Pavel Zacha had scored on a one-timer from the slot midway through the third period to increase the Devils’ lead to 3-1. With the way the Flyers had been scoring – they haven’t produced more than three goals in 14 straight games – that lead seemed insurmountable.

And then Giroux struck in the waning minutes of regulation. Twice. Twenty-two seconds apart. It was the quickest he had ever scored two goals in his career, and the fastest pair of goals by the same Flyers player since Jaromir Jagr scored 18 seconds apart in 2012, per the NHL.

James van Riemsdyk and Jake Voracek set up both of Giroux’s goals.

“We had one mission – to defend the six-on-five – and we didn’t do it,” Zacha said. “We have to win games like that.”

Earlier, New Jersey (14-27-7) took its first lead in the last nine games – a span of nearly 355 minutes – as Michael McLeod finished off a three-on-one with 15:04 left in the first. Defensemen Samuel Morin and Phil Myers were caught up ice, leaving Giroux as the lone defender.

The Flyers have allowed the first goal in 16 of the last 18 games, including the last seven.

The Devils’ lead was short-lived. Less than seven minutes later, Couturier made a clever backhand deflection on Myers’ blast, putting the puck past Mackenzie Blackwood to knot the score at 1. It was Couturier’s 14th goal in 37 games. Van Riemsdyk leads the Flyers with 16 goals in 48 games.

Cates, playing in his second NHL game, nearly scored his first goal, but Blackwood made a nice stop on his left-circle drive with 42.2 seconds to go in the first.

Early in the second period, Cates had another great chance turned aside by Blackwood as he tried to finish a two-on-one with Allison.

The Devils took a 2-1 lead when a falling-down Nathan Bastian (two assists) outworked Morin and Myers and he fed a wide-open Miles Wood (two points) for a tap in with 12:53 remaining in the second. Elliott, who stopped Zacha on a first-period breakaway, had no chance.

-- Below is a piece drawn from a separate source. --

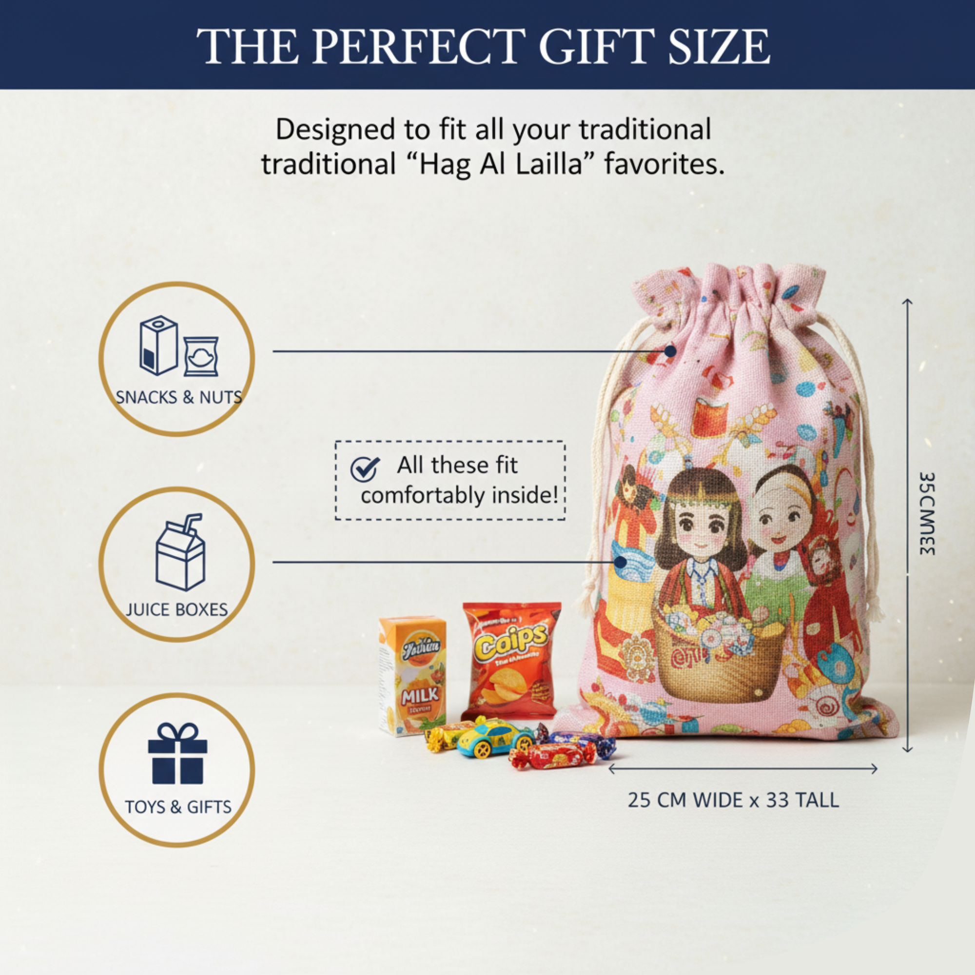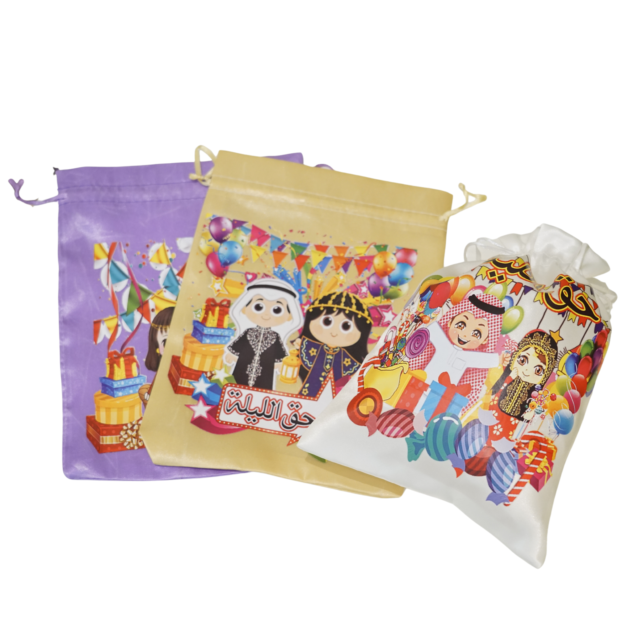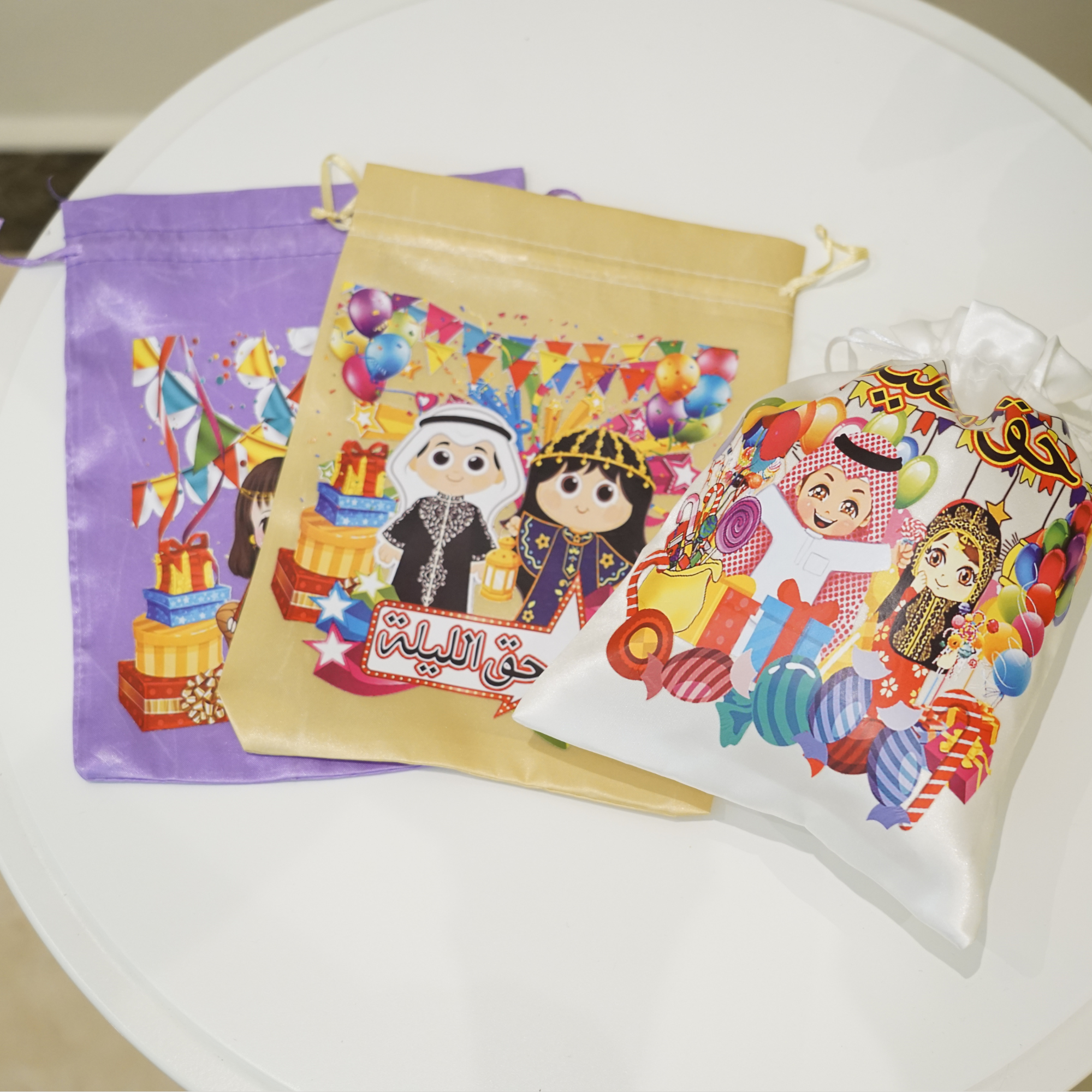 Make your celebrations extra special with these vibrant Haq Al Laila–themed drawstring gift bags. Designed with cute cartoon characters, balloons, sweets, and festive elements, these bags are perfect for distributing Haq Al Laila treats, chocolates, candies, small gifts, and party favors. Made from lightweight yet durable fabric, they are reusable and easy to carry, adding charm and joy to Haq Al Laila, birthdays, and special occasions.

Elliott, 36, a pending unrestricted free agent, made his fifth start in the last seven games as he tries to make a case that the Flyers should re-sign him after the season.

He made 29 saves Sunday, and he stopped Nico Hischier in the shootout to clinch the win.

“He’s fought for the net pretty much his whole career,” Couturier said. “… Tonight, he made some big saves and gave us a chance to win the game.”

Breakaways

Bobby Clarke is first in franchise history with 1,210 points, and Bill Barber is second with 883 points -- 33 more than Giroux. ... Ivan Provorov had an assist, blocked three shots, and was plus-3 in 29:01 of ice time. ... Scott Laughton had five shots and three hits while winning 11 of 13 faceoffs (85%). ... Travis Sanheim (4 shots, plus-1) played 25:38, tied for the second-most ice time in his career. ... Morin (3 hits) was minus-2 and played just 11:26.